One day Chris had a talk with Target she told him he could stay, but he had to let us catch him so we could have him neutered and no more beating up on the other cats. He kept his end of the bargain, I was able to catch him and take him to be neutered. Because he was a feral cat the vets put a notch in his ear to signify he was feral.

At this point he would barley allow us to pet his head and I often was left bloody from being scratched. He was starting to come in and out of the house through the cat door. Unfortunately Louie retreated to our bedroom and this became his home. He rarely ventured outside or out of the bedroom after that. We thought that he would eventually get over it and start moving around the house and outside more but never happened. Target always respected Louie’s space and stayed out the bedroom. My buddy Louie got cancer and we had to put him down. That’s about as hard as it gets.

As time has gone on Target has become more comfortable we can rub and scratch him over his whole body, we can even pick him up for short periods of time. He won’t get in our laps but he will snuggle alongside you in chairs and even take naps.

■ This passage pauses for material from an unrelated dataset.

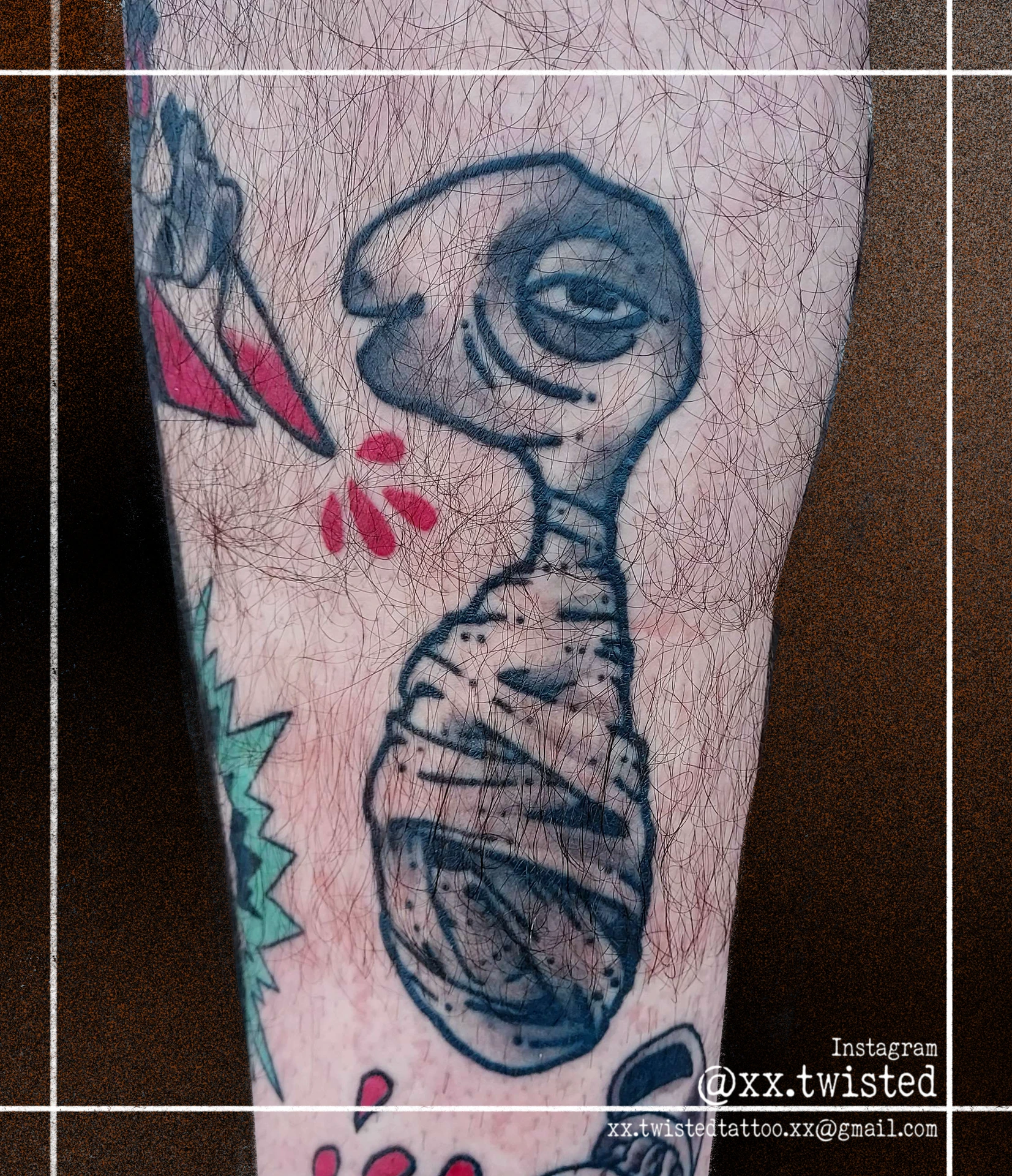 Cameron specializes in bold, character-driven tattooing with a vibrant cartoon sensibility. His work blends clean graphic linework, bright color palettes, and playful surreal elements — from quirky creatures and sci-fi icons to expressive skulls and fantasy motifs. Every piece is designed to pop with personality and feel like living art on skin.
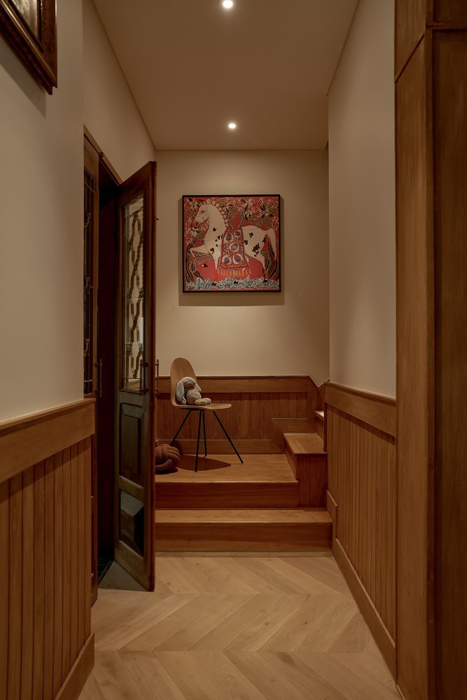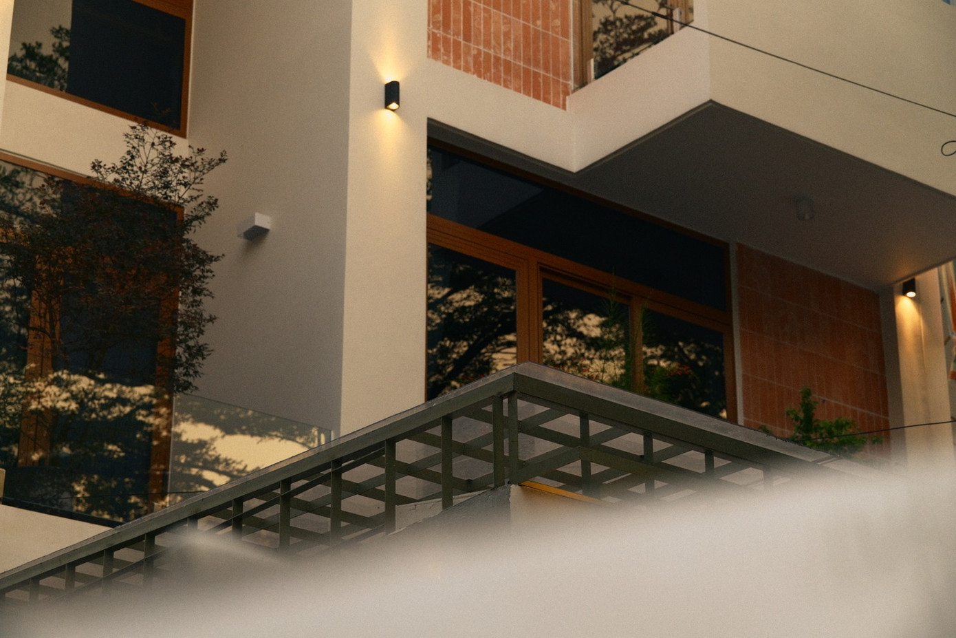 Cầu thang bộ lúc này không chỉ là trục giao thông đứng, mà đóng vai trò như một “khoảng đệm chuyển đổi tâm lý”, dẫn dắt người ở từ sự huyên náo bên dưới sang sự thư thái, nghỉ ngơi bên trên.

Much to Chris dismay he has chosen me to be his human he will now stay in our bedroom and will even come up on the bed and stay next to me for short periods of time at night.

The point of this whole story is to illustrate this cat’s wiliness and desire to have a family. We don’t know his background we assume he belonged to a family at some point in his life but for whatever reason he ended up totally on his own. I have been totally blown away by his desire to have a family and the wiliness he has shown to make that happen. You can’t help route for him.

The only other cat we still have is Nina who never quite got over being feral. She still lives at the barn and won’t for the most part let you approach her during the day. She lives a very solitary life, but at dusk she will sit between the barn and the house and wait for someone (Primarily me, I’m her human) to come out so she can very cautiously approach you, eventually letting you pet her. She likes to rub on your feet and will follow in front of you often getting in your way into the tack room where she will spend the night. It makes me feel very sad for her and I feel guilty if I forget to go out there and spend a few minutes with her.